Clarify your butter – melt the butter in a saucepan on a low heat. Simmer gently until the foam rises to the top. You should see the milk solids separating. Set aside to cool slightly, discard the foam, and pour the clear clarified butter in a bowl. You only want to keep the ‘clear’ butter which is perfect for cooking on high temperature and making sauces. You might want to use a strainer if you wish.

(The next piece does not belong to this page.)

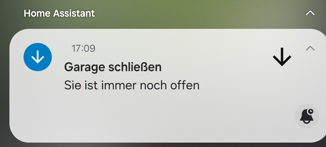 message: Garage ist noch offen!

Chop the shallots and herbs very finely. Set aside

In another saucepan, boil the vinegar, white wine, finely chopped shallots, half of the herbs, salt and pepper until it has reduced and turned slighty syrup-like. Remove from heat, add the 4 egg yolks and the 4 tsp of water and whisk continuously. Return to a low heat, continue to whisk, and remove from heat every 1 minute – repeat this process for 10 minutes, constantly whisking until the sauce becomes frothy and starts thickening. By now your sauce should have reached its goal. Remove from heat and add the cooled clarified butter, continue to whisk, (just as if you were preparing a mayonnaise). You should obtain a beautiful thick yet smooth sauce. Add the rest of the chopped herbs. The key is to constantly whisk the sauce, alternating on/off the heat.

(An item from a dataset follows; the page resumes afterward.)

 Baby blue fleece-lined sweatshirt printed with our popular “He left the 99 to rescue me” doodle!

Fry your steak on a griddle or frying pan. Heat a frying pan or griddle on a high heat, and when the pan gets very hot, add a tsp of oil. Fry steak on both sides – I like mine medium, so about 2 minutes on each side.

Here are three golden rules when cooking steak: 1) Always take out the meat from the fridge 1 hour before cooking. 2) Salt the steak before cooking it. 3) Do not move of touch the steak when cooking. Just let it sizzle.

Serve with French fries.

Garden cake revisited

Life without love is like a year without a summer‘ – Swedish proverb.

Summer has entered our lives in Médoc, with all its glorious flowers, green trees and lovely singing birds. The sweet and woodsy smell of the pine forest that surrounds us is so energizing!

There is so much life in our garden, from growing tomatoes, lemons, oranges, roses, fuchsias to name a few. Being passionate about flowers, I am starting to get very interested in edible flowers. There is a world of new ideas for recipes coming to my head, especially with lavender and roses, both organically grown here. Due to the popularity of the garden cake, I wanted to make another one with edible flowers and leaves from this season’s crop. I picked a few leaves from our vines, bellflowers (Campanula), thyme flower and lavender, all-organic of course. I couldn’t resist adding a dash of yellow, so I plucked a few tomato flowers, but be careful as they are not to be eaten.

Our new puppies were extremely interested in the cake, as you can see! Hugo, Harper, Halle and Hank are so irresistible – they are 2 and a half months now, and every time I look out the window they have learnt a new trick!